End-to-end attack on Image-based, CIFAR-10 End-to-end attack on TRAK, CIFAR-10

Results. Image-based leaks consistently across all target-set sizes (up to 21.4% TPR at 1% FPR on RESISC45 with $|\mathcal{T}|=100$ ). TRAK is size-dependent: strong leakage for small targets, largely protected once $|\mathcal{T}|$ is big enough for gradient averaging to wash out individual contributions. Unfortunately, “small targets” is exactly the setting curation is sold for in sensitive domains.

So what does protect you?

Differential privacy on the curator itself. We design DP versions of both curators:

DP Image-based: add Gaussian noise to per-target similarities before the max (Report Noisy Max).
DP TRAK: privatize the mean gradient computation, following DP-SGD.

At $\varepsilon = 10$ on CIFAR-10, score-attack TPR at 1% FPR drops from 98%→1% (Image-based) and 100%→2% (TRAK). Even at a loose $\varepsilon=100$ , Image-based drops to 5.4%. TRAK needs tighter guarantees because its gradient space is higher-dimensional.

These DP adaptations are an existence proof, not the final answer. A proper investigation of the privacy/utility frontier, and curation algorithms designed to be DP from the start rather than bolted on, is future work. What’s encouraging is that even our fairly loose theoretical guarantees deliver strong empirical protection, so we expect well-designed DP curators to land in a comfortable regime.

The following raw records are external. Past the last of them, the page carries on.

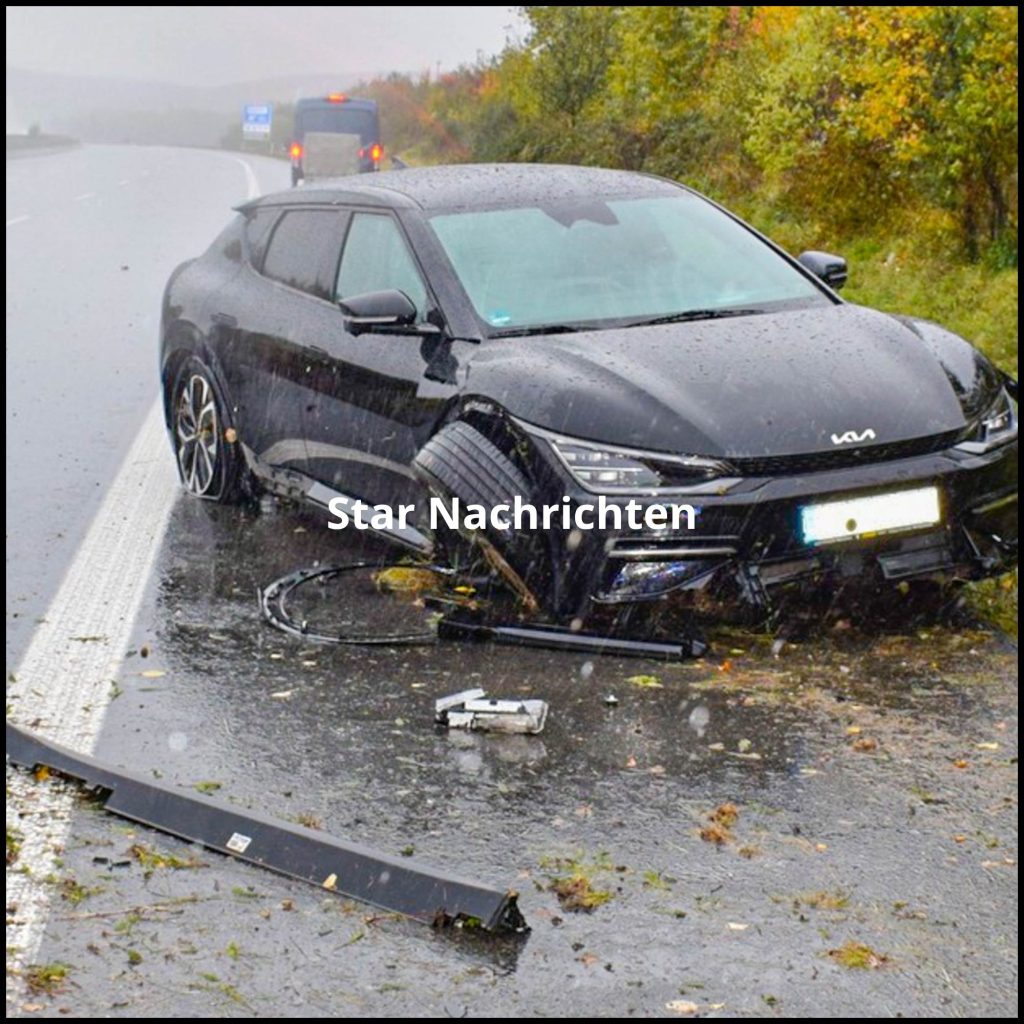 Der Mann war gemeinsam mit seiner 41-jährigen Beifahrerin und zwei Kindern im Alter von sechs und elf Jahren in einem KIA EV6 unterwegs, als unwetterartige Regenfälle und starker Sturm einsetzten. Infolge der Witterungsbedingungen geriet das Fahrzeug ins Schleudern, verfehlte nur knapp ein anderes Auto, kam von der Fahrbahn ab und prallte gegen einen Erdwall.
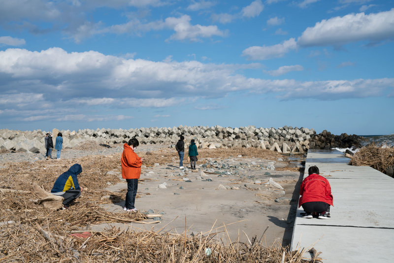 People stand near the ocean in Japan’s Fukushima prefecture, commemorating the ninth anniversary of the tsunami and nuclear disaster.
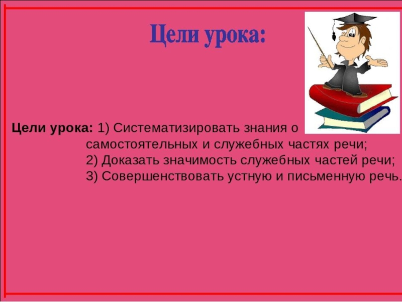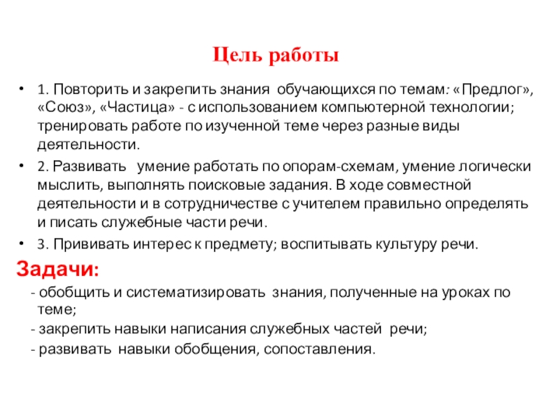 1. Повторить и закрепить знания обучающихся по темам: «Предлог», «Союз»,
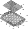Нижняя поверхность 18, как показано на фиг.3, разделена на четыре квадранта А, В, С и D. Квадранты встречаются в местах на полпути между передним и задним краями 20 и 22 и на полпути между первым и вторым боковыми краями 24 и 26. Каждый квадрант А, В, С и D отличается матрицей, по существу, параллельных пазов 60, которые выходят из пересечения соответствующего квадранта со смежными квадрантами. Затем пазы 60 проходят к внешней периферии, ограниченной краями 20-24. Таким образом, каждый паз 60 ограничивает непрерывный канал, который проходит вдоль соответствующего квадранта А, В, С и D к внешней периферии нижней поверхности 18. Некоторые из пазов 60 прерываются колонковыми отверстиями 46, 52 или 54, но ни один из пазов не прерывается гребнем или любой структурой, которая бы мешала прохождению потока воздуха вдоль паза 60. Как показано на фиг.5, каждый паз 60 ограничен двумя, по существу, планарными поверхностями, которые пересекаются под углом, составляющим девяносто градусов, и, следовательно, каждый паз 60 имеет, по существу, V-образное поперечное сечение. Помимо всего прочего, пазы 60 расположены существенно близко друг к другу (то есть на расстоянии приблизительно 0,044 дюйма (1,1 мм)), чтобы ограничивать гребни 62, по существу, имеющие форму перевернутой буквы V. Кроме того, каждый паз 60 имеет глубину, составляющую приблизительно 0,020 дюйма (0,5 мм).

What doesn’t work is simply removing the “most vulnerable” samples from the target set. That exhibits a privacy onion effect: once the top layer is gone, the next layer is equally exposed.

Takeaways

“The model never saw the private data” is not a privacy argument. Curation creates a side channel from targets to the released artifacts, and every stage of the pipeline (scores, selections, final model) leaks through it.
Nearest-neighbor curators are the most leaky. Image-based methods have a deterministic, local influence structure that is easy to invert.
Averaging-based curators (TRAK) look robust, until the target set is small. And that caveat is exactly what makes curation commercially attractive for sensitive data.
DP on the curator works. Formal privacy guarantees belong on the data-selection step, not only on model training.
Privacy assessment has to extend beyond training. Any pipeline that touches private data, including “just” to guide selection, needs its own threat model.